EXERCISE DESCRIPTION >>
Once you reach the line with "サブPCのブレイクアウトルー" in the material below, copy each line exactly up to and including the line with "Este cuadro abstracto", and skip the pictures.

INPUT DATA >>
--- START ---

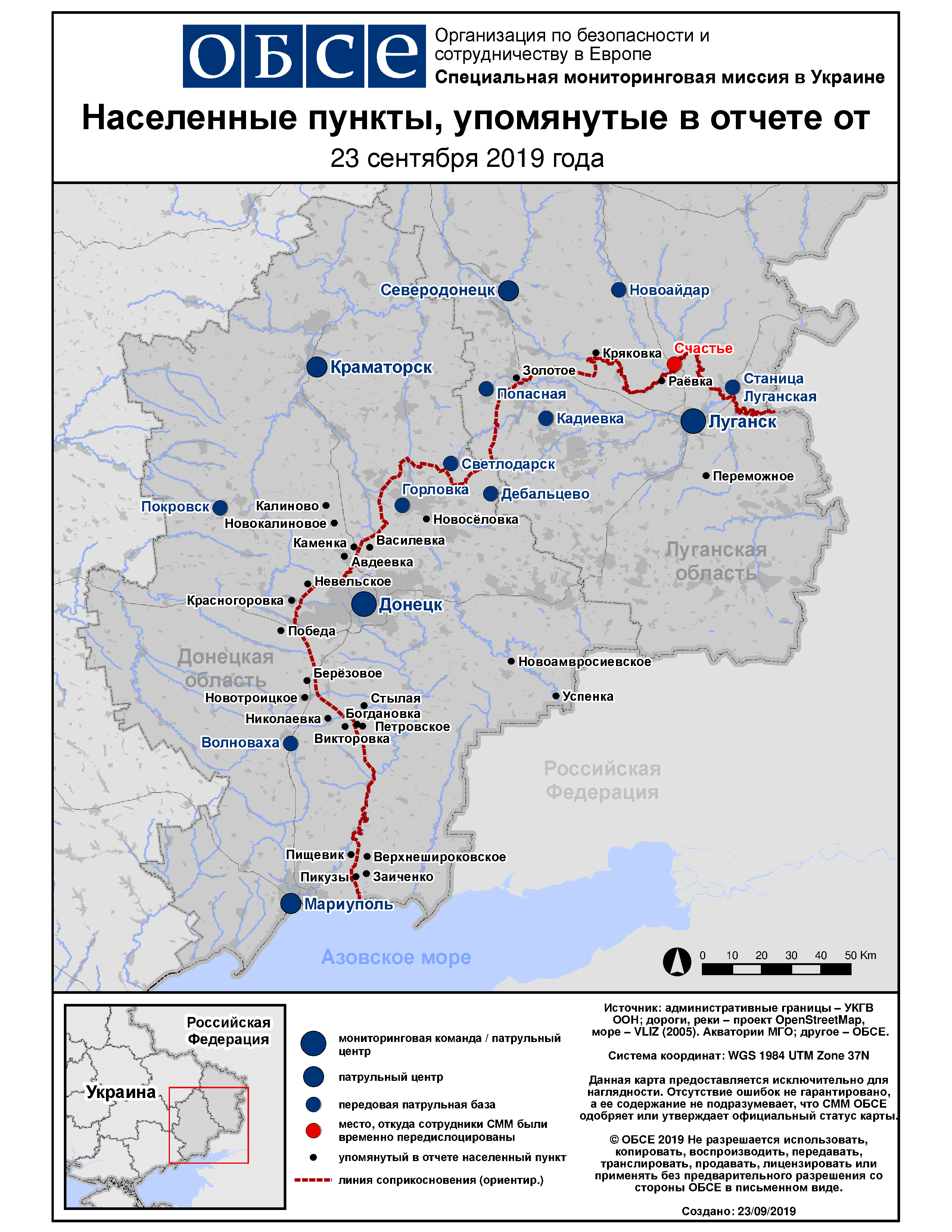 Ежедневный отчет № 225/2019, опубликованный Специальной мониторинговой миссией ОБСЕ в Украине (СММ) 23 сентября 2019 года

--- END ---
--- START ---

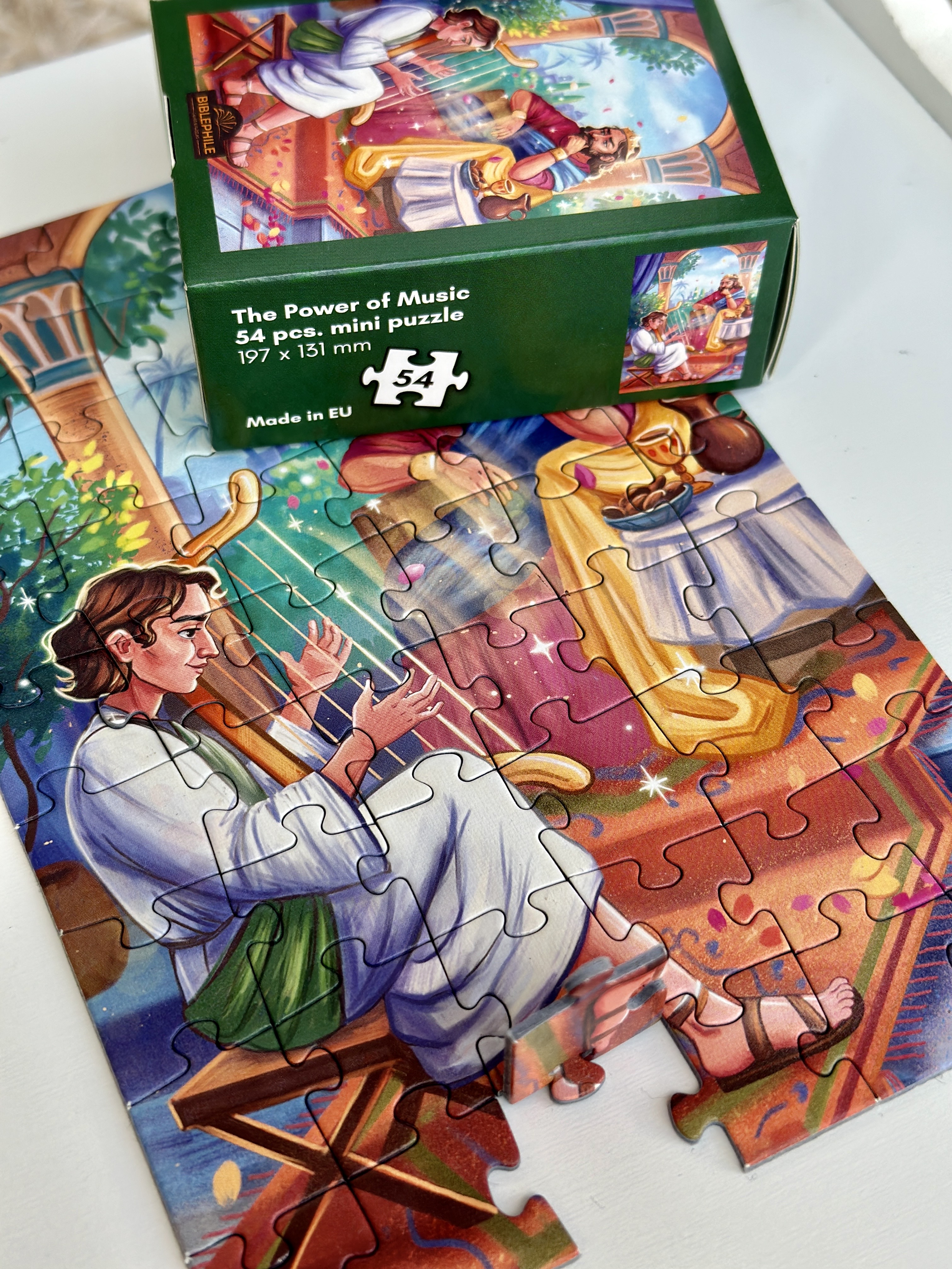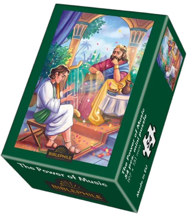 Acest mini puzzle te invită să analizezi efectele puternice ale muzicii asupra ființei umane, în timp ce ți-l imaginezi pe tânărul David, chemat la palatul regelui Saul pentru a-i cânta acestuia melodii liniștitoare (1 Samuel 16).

--- END ---
--- START ---

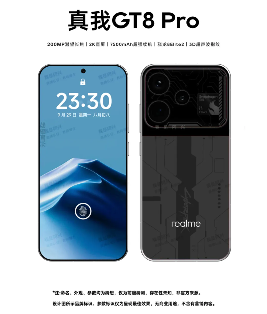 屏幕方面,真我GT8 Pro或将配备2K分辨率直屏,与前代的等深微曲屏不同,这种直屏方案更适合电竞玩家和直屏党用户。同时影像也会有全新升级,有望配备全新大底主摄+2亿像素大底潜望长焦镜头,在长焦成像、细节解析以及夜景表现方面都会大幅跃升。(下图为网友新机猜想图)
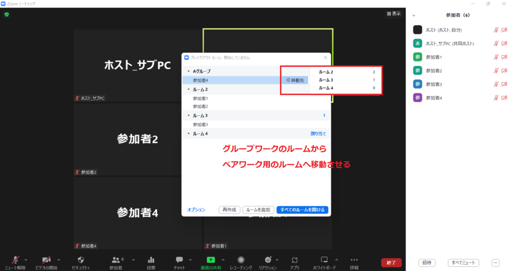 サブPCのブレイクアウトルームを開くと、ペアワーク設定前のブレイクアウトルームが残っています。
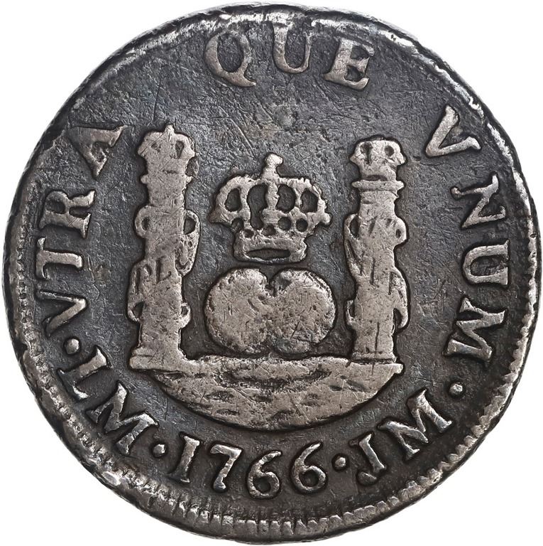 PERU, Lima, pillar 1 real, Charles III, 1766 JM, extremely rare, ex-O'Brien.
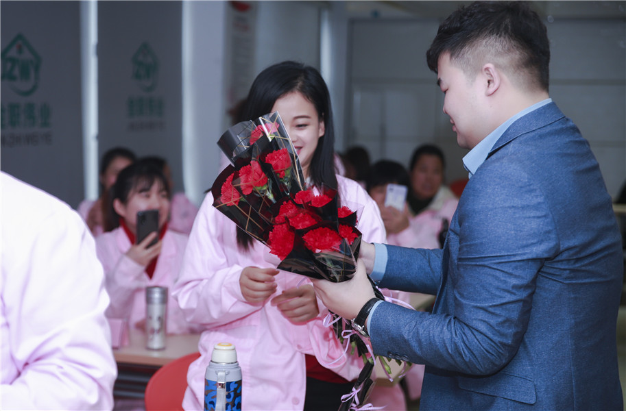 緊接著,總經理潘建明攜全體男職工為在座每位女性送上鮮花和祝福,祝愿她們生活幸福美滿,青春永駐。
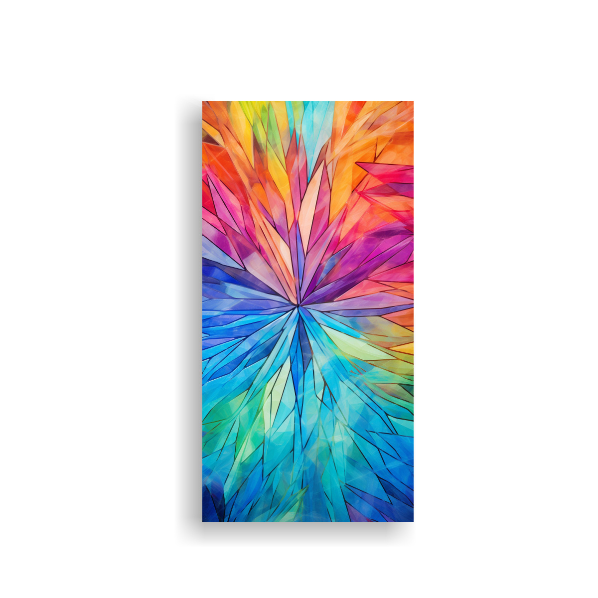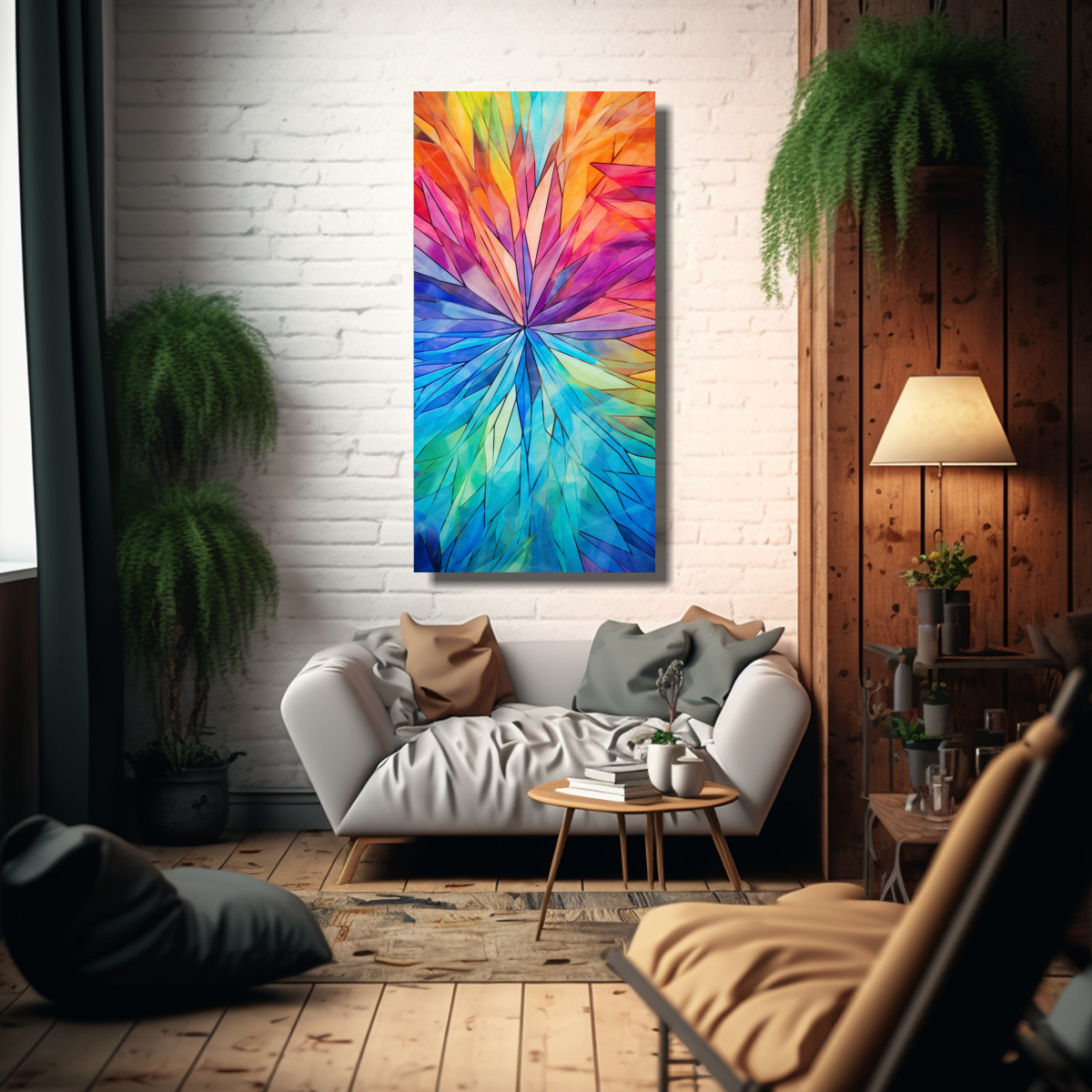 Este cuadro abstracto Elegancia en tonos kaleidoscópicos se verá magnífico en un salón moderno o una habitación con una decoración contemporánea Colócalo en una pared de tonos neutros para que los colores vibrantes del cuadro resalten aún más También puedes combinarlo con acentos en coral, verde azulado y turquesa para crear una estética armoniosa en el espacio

--- END ---

TASK RESULT >>
 サブPCのブレイクアウトルームを開くと、ペアワーク設定前のブレイクアウトルームが残っています。
 PERU, Lima, pillar 1 real, Charles III, 1766 JM, extremely rare, ex-O'Brien.
 緊接著,總經理潘建明攜全體男職工為在座每位女性送上鮮花和祝福,祝愿她們生活幸福美滿,青春永駐。
 Este cuadro abstracto Elegancia en tonos kaleidoscópicos se verá magnífico en un salón moderno o una habitación con una decoración contemporánea Colócalo en una pared de tonos neutros para que los colores vibrantes del cuadro resalten aún más También puedes combinarlo con acentos en coral, verde azulado y turquesa para crear una estética armoniosa en el espacio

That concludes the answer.